= Michael Melissenos =

Byzantine general and aristocrat

Michael Melissenos was a notable Byzantine aristocrat and general during the reign of Emperor Constantine V.

==Biography==
Michael is the first attested member of the noble Melissenos family. A favourite of Constantine V, he was given an unnamed sister of Eudokia, Constantine V's third wife, in marriage. Becoming thus a relative of the Emperor, Michael secured a prominent position in the imperial hierarchy. The couple had at least one son, Theodotos Kassiteras Melissenos, who became Patriarch of Constantinople in 815–821 as Theodotos I.

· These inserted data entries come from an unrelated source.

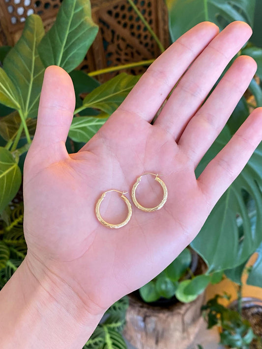 Vintage 14k Yellow Gold Diamond Cut Hoop Earrings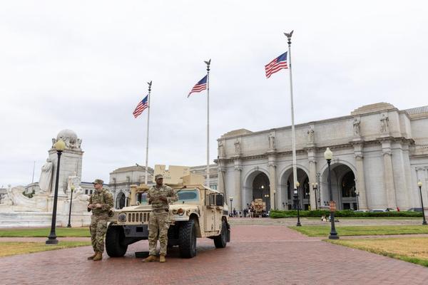 这是8月19日在美国首都华盛顿的联合车站外拍摄的国民警卫队成员和车辆。新华社记者胡友松摄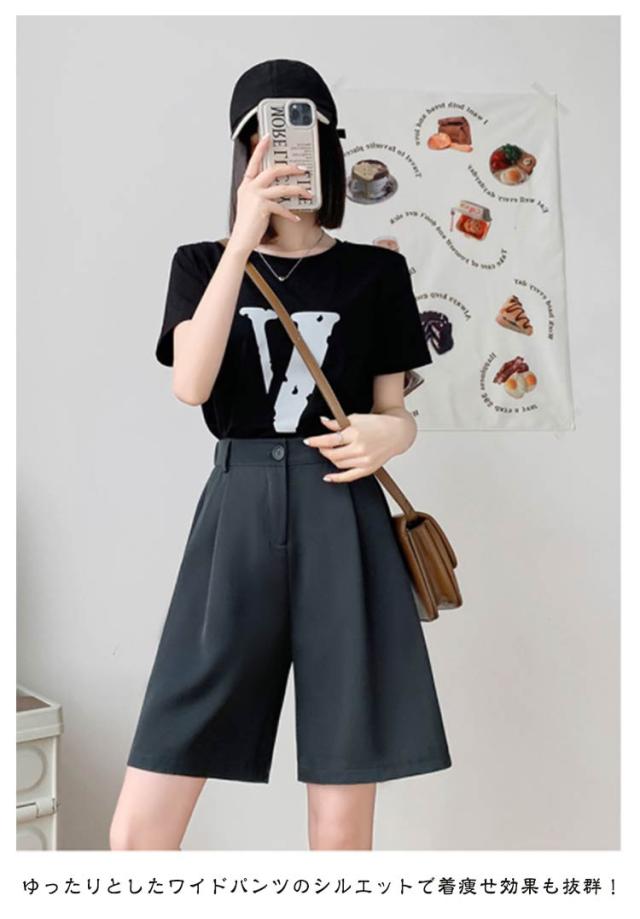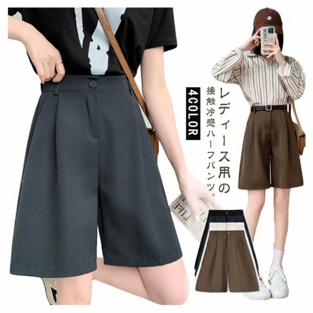 ハーフパンツ ワイドパンツ 韓国ファッション 接触冷感 スーツパンツ ポケット ゆったり ワイドショートパンツ ハイウエスト 夏用 無地 レディース 5分丈パンツ キュロット 短パン 大きいサイズ ウエストゴム 半ズボン 着痩せ ショーパン 春夏 薄手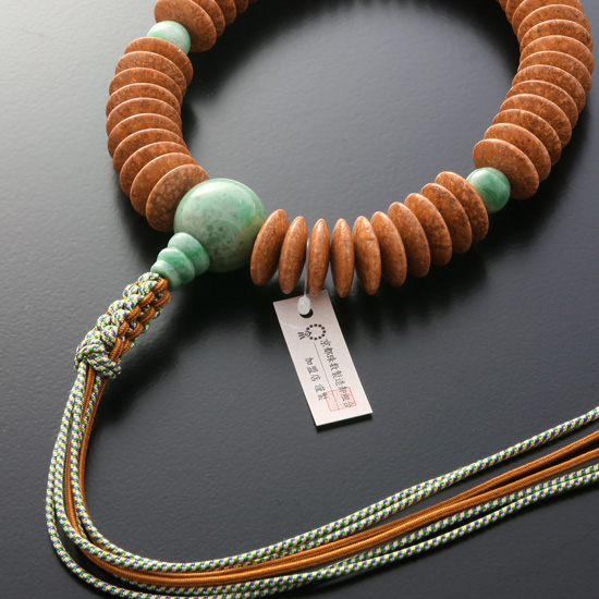 【数珠袋付き】【送料無料】 数珠 念珠 天竺菩提樹平玉 翡翠仕立て 男性用数珠 ひも房
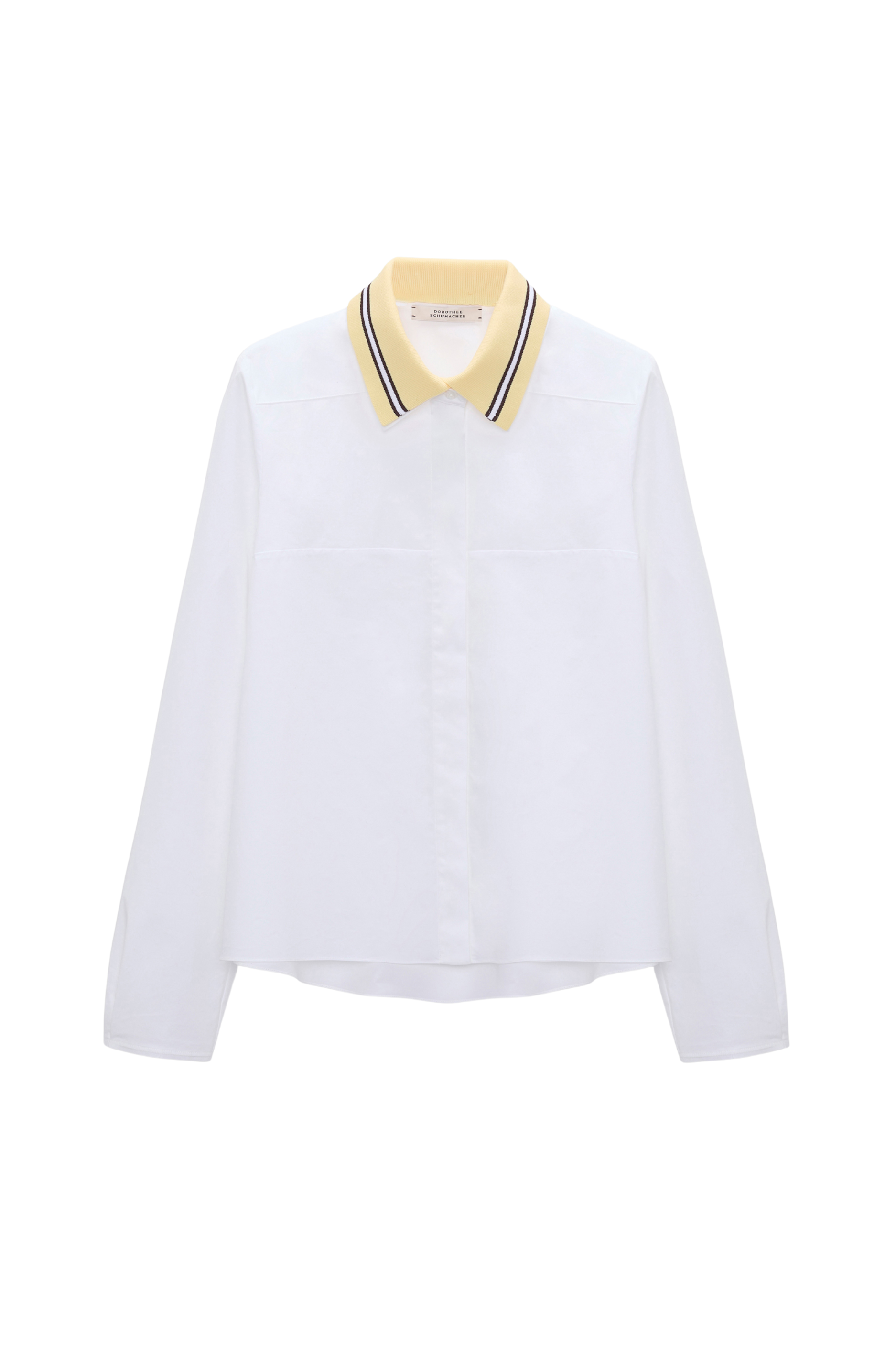 The cotton poplin shirt features a removable knit polo collar with contrast color striping. The shirt has an A-line silhouette.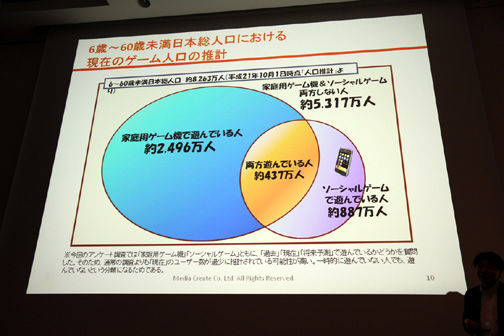 [CEDEC 2010] 家庭用ゲーム機,そしてソーシャルゲームを遊ぶ層の人口分布とは? 日本国内のゲーム人口をマクロ的に調べたメディアクリエイトの講演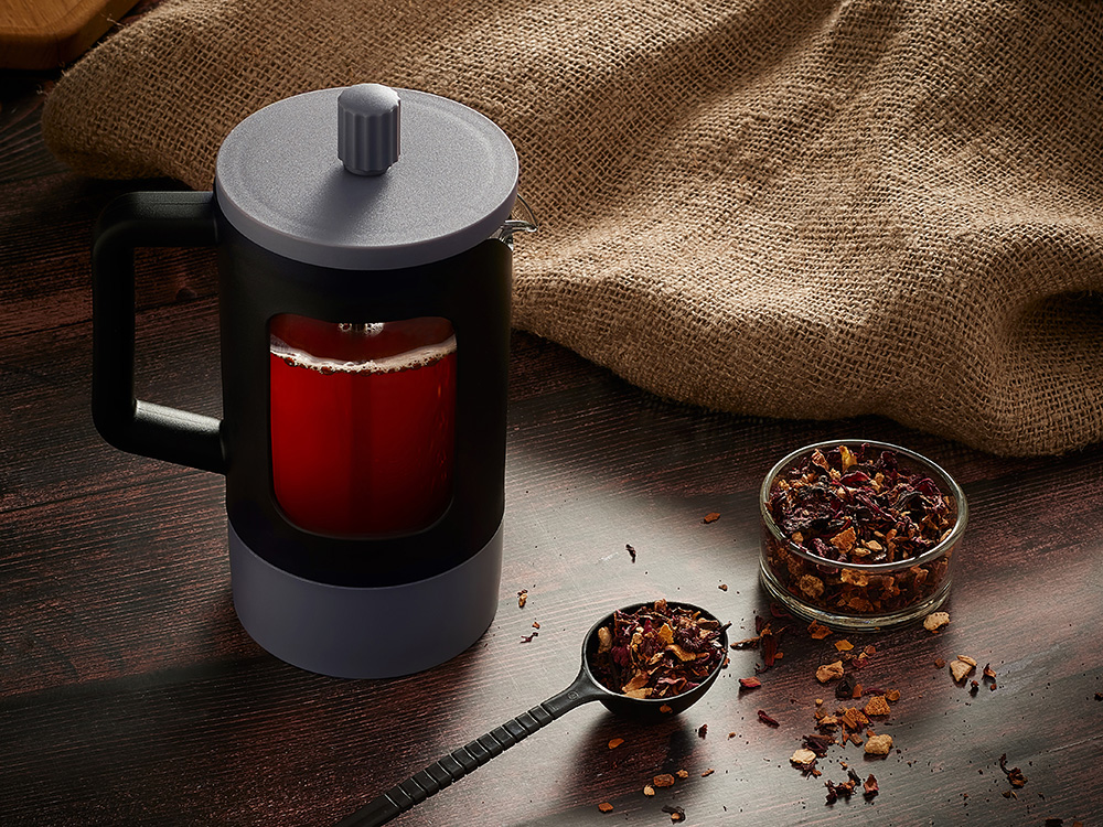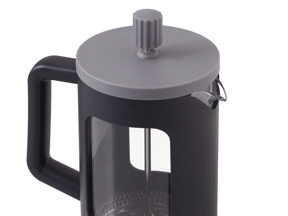 Сдержанная гармония черного и серого в пластиковом корпусе делает этот френч-пресс стильным акцентом любой кухни.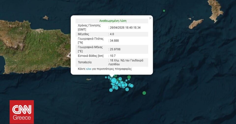 Συνεχίζεται η σεισμική δραστηριότητα στην Κρήτη, καθώς το βράδυ της Κυριακής (26/4) σημειώθηκε σεισμός μεγέθους 4 Ρίχτερ στα ανοιχτά του Λασιθίου.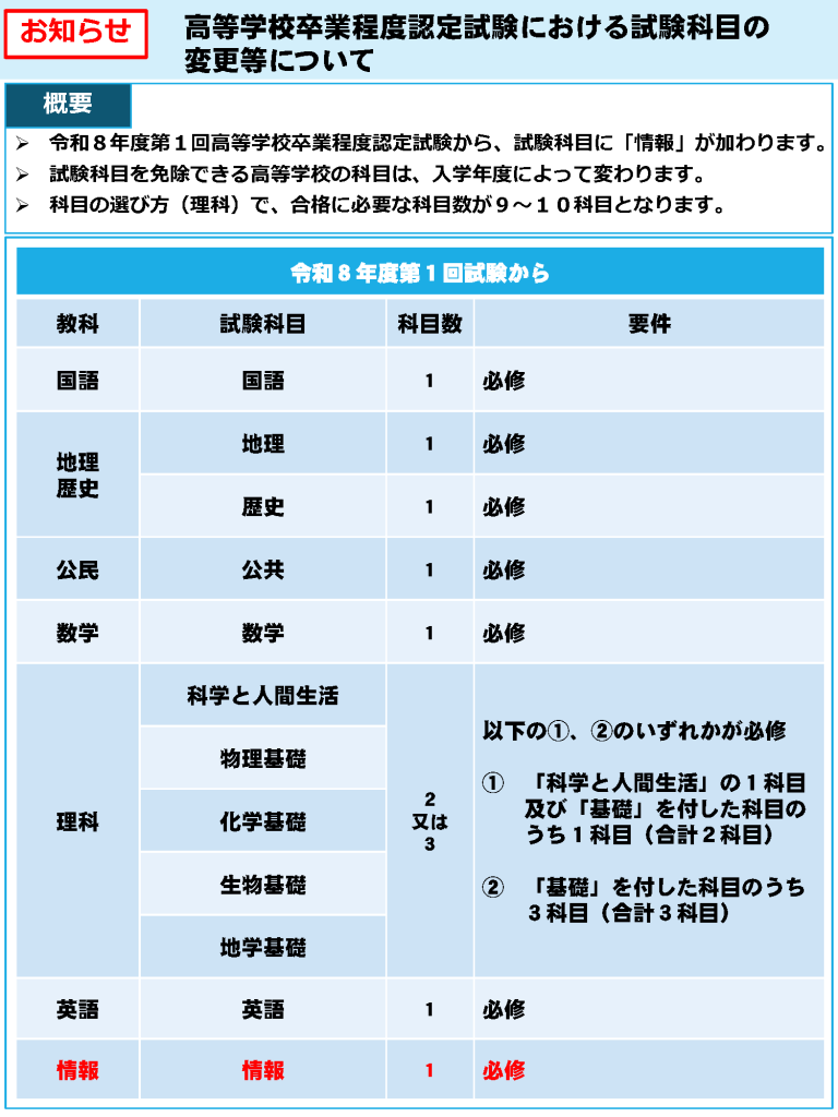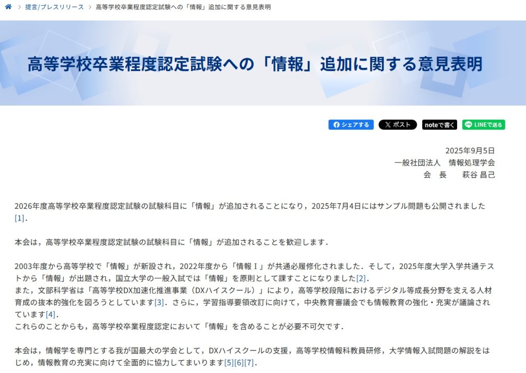 高等学校卒業程度認定試験への「情報」追加に関する意見表明

In 766/767, as part of a major reshuffle intended to place reliable and pro-iconoclast people in positions of authority, Constantine V appointed Michael as the strategos of the Anatolic Theme, at the time the Byzantine Empire's most important and powerful military post. Possibly at this time he received the dignity of patrikios, with which he is designated in the Chronicle of Theophanes the Confessor. In 771, Michael took part in an expedition against an Abbasid raid into Isauria. His troops, however, were heavily defeated, and unable to prevent the looting of the region. Nothing further is known of him.

==Sources==
- Bury, John Bagnell (1911). "The Imperial Administrative System of the Ninth Century - With a Revised Text of the Kletorologion of Philotheos"
- Rochow, Ilse (1994). "Kaiser Konstantin V. (741–775). Materialien zu seinem Leben und Nachleben"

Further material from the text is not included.